Борошнев полез было в свой вещмешок, но партизаны его остановили.
- Ты свои харч не трать. Тебе еще долго придется ходить! Лучше вот поешь с нами печеной картошечки. С пылу с жару она очень хороша…
К вечеру Борошнев прощался с партизанами. Они по очереди обнимали его, похлопывая по плечам, по спине.
- Будь здоров, капитан!
- Хай тебе будет удача…
- Найди какую-нито здоровущую бомбу, чтобы сбросить ее самим фашистам на головы!
Ушли пятеро, растворились в сумерках, и снова Борошнев остался один. Ему надо было искать последний склад, добираться до деревни с таким необычным названием - Погребы.
Когда наконец Борошнев - где на попутной телеге, где пешком - добрался до нее, деревни тоже не оказалось: сожгли ее фашисты. Уцелел лишь один-единственный дом, в котором разместился сельсовет.
Зато пшеничное поле было не тронуто врагом. Но местные жители, ютившиеся в землянках, прикасаться к перезревшей пшенице боялись - ведь прямо посреди поля и разместили гитлеровцы большой склад боеприпасов!
Борошнев так и замер перед ним, точно охотник перед обнаруженной дичью.
Он осторожно обошел склад, обозрел ряды, штабелей деревянных укупорок с выстрелами и мысленно прикинул, сколько же их в этих штабелях может быть? Выходило, что хранились тут десятки тысяч выстрелов… Наверняка должно найтись то, что нужно по заданию!
Председатель сельсовета - тощий, в чем душа держалась, хворый инвалид - очень обрадовался Борошневу:
- Голубок, милый! Помочь мы тебе не в силах. Ну, ничем… Сам уж как-нибудь справляйся. Ведь все мое войско - старые да малые. А вот ты нам пособи, сердечно тебя просим. Скажи ты нам, есть ли в поле мины, можно ли хоть с краев пшеничку выкосить. Голодует народ. Ей-богу, в ноги тебе поклонимся, если подмогнешь!

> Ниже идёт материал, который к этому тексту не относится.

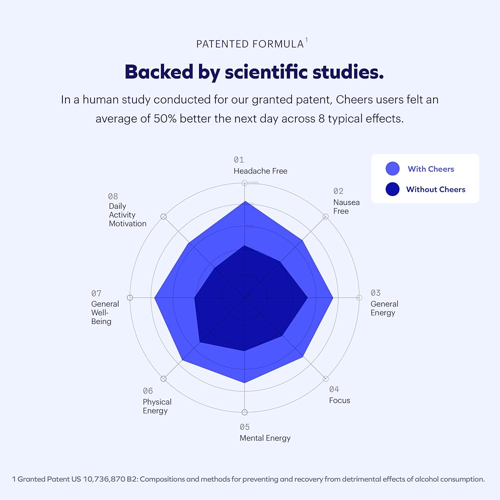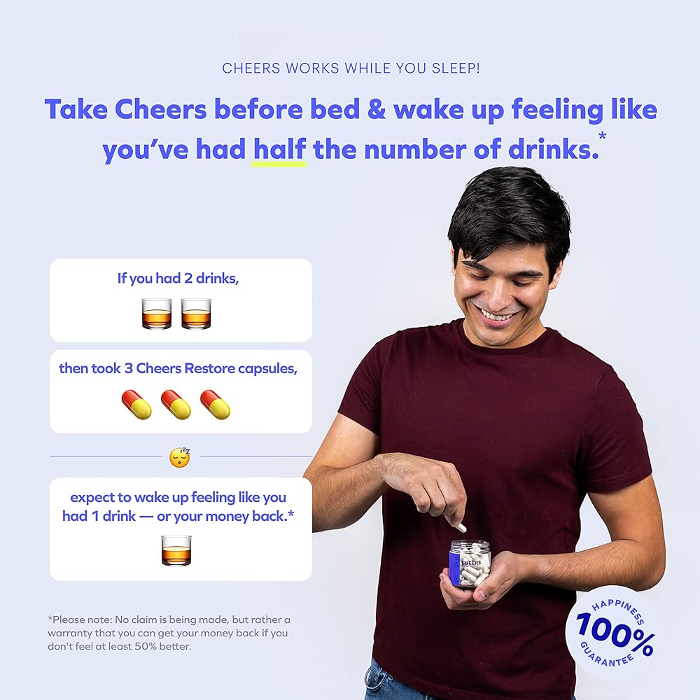 #1 in alcohol-related health: Cheers Restore is a natural, patented after-alcohol aid designed to help you drink smarter and feel at least 50% better the next day! Created by a team of PhDs, our Restore capsules work while you sleep to reduce GABAa rebound, promote acetaldehyde metabolism, and support overall liver health — helping you have a more productive morning.

- Ладно, ладно, это можно, - пообещал Борошнев, - А куда бы мне пристроиться переночевать? Я бы никого не стеснил, приходил бы только спать.

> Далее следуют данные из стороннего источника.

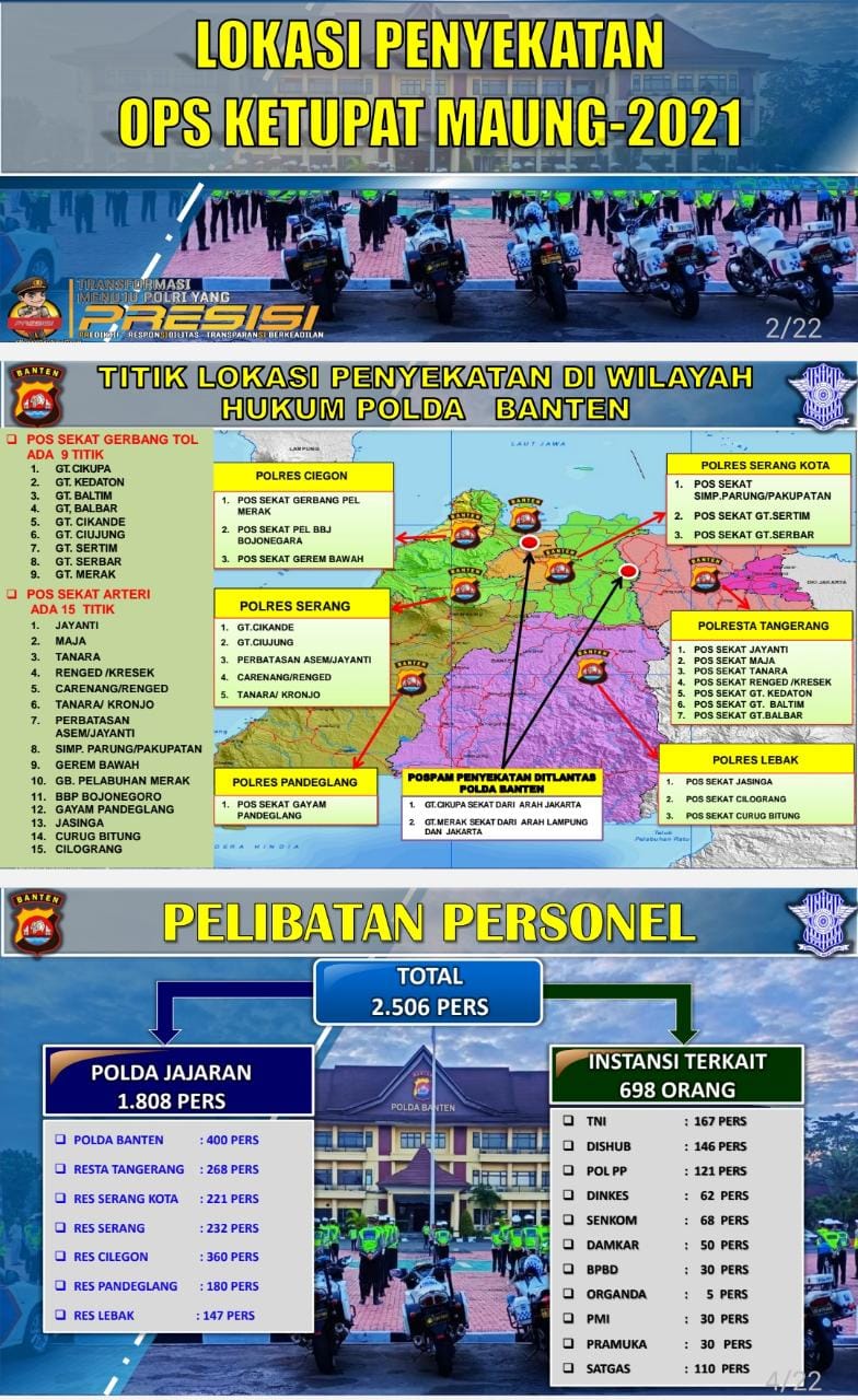 “Jumlah tersebut tersebar di 24 titik pos penyekatan, 9 Pos Sekat yang berada di Pintu Gerbang Tol, mulai dari Cikupa, Kedaton, Balaraja Timur, Balaraja Barat, Cikande, Ciujung, Serang Timur, Serang Barat dan Merak. Ada juga di 15 Pos Sekat Jalur arteri wilayah Hukum Polda Banten,” Jelas Edy Sumardi, Senin (10/5).

- Гляди, во-о-он землянка! Туда и ступай. Там не так уж много народу - приткнешься. Скажи, я, мол, прислал…
Борошнев слово сдержал: сразу же пошел к складу и внимательно обследовал, чуть ли не ползком облазал его: нет ли где вокруг заметных только профессионалу следов минирования? Не тянутся ли от склада еле различимые проводки взрывных зарядов натяжного действия?
Но нет, никаких подвохов он не обнаружил. Это был самый обычный полевой склад, с которого доставлялись на огневые позиции боеприпасы. Рядом даже имелась для этих целей специальная дорога - прямо через пшеницу.
Борошнев заторопился к сельсовету. Узнав, что мин нет, председатель восторженно расцеловал его в обе щеки.
- Ну, молодец! - приговаривал он. - Ну, спаситель! Теперь пшеничку мы уберем… И голод нам страшен не будет, и на семена кое-что сбережем. Лады! Завтра с утречка и примемся. И ты за свои дела возьмешься! А теперь ступай в землянку, отдыхай. Ведь уж свечерело…
В землянке, потрескивая, горела лучина. В этом скудном освещении лица обступивших Борошнева женщин казались еще более резкими и худыми. Двое были средних лет, одна - совсем старая. Но держалась она строго и властно.
- Председатель, говоришь, прислал? Хоть бы сам привел, попросил. У нас тут еще и дети… Ишь нашел гостиницу!
- Да ведь я только ночевать буду, - примирительно сказал Борошнев. - Мне целыми днями работать надо на складе.
- Нам что за дело? Да постой, куда же ты? На ночь глядя куда пойдешь?
- Не знаю. Но раз у вас места нет…
- Кто сказал, что нет? Ты бы нас раньше самих спросил, а то - председатель… Верно я говорю? Оставайся, командир. Устраивайся вот около печки.
В центре землянки Борошнев увидел какое-то подобие русской печи. На ней копошилось двое маленьких детей: только глаза их поблескивали в полумраке.
Он развязал вещмешок, достал хлеб, банку консервов, несколько кусков сахара. Старуха взяла два куска, поднесла их к печке. К ним робко потянулись высушенные голодом, замурзанные детские ручонки. У Борошнева запершило в горле, и он отвернулся.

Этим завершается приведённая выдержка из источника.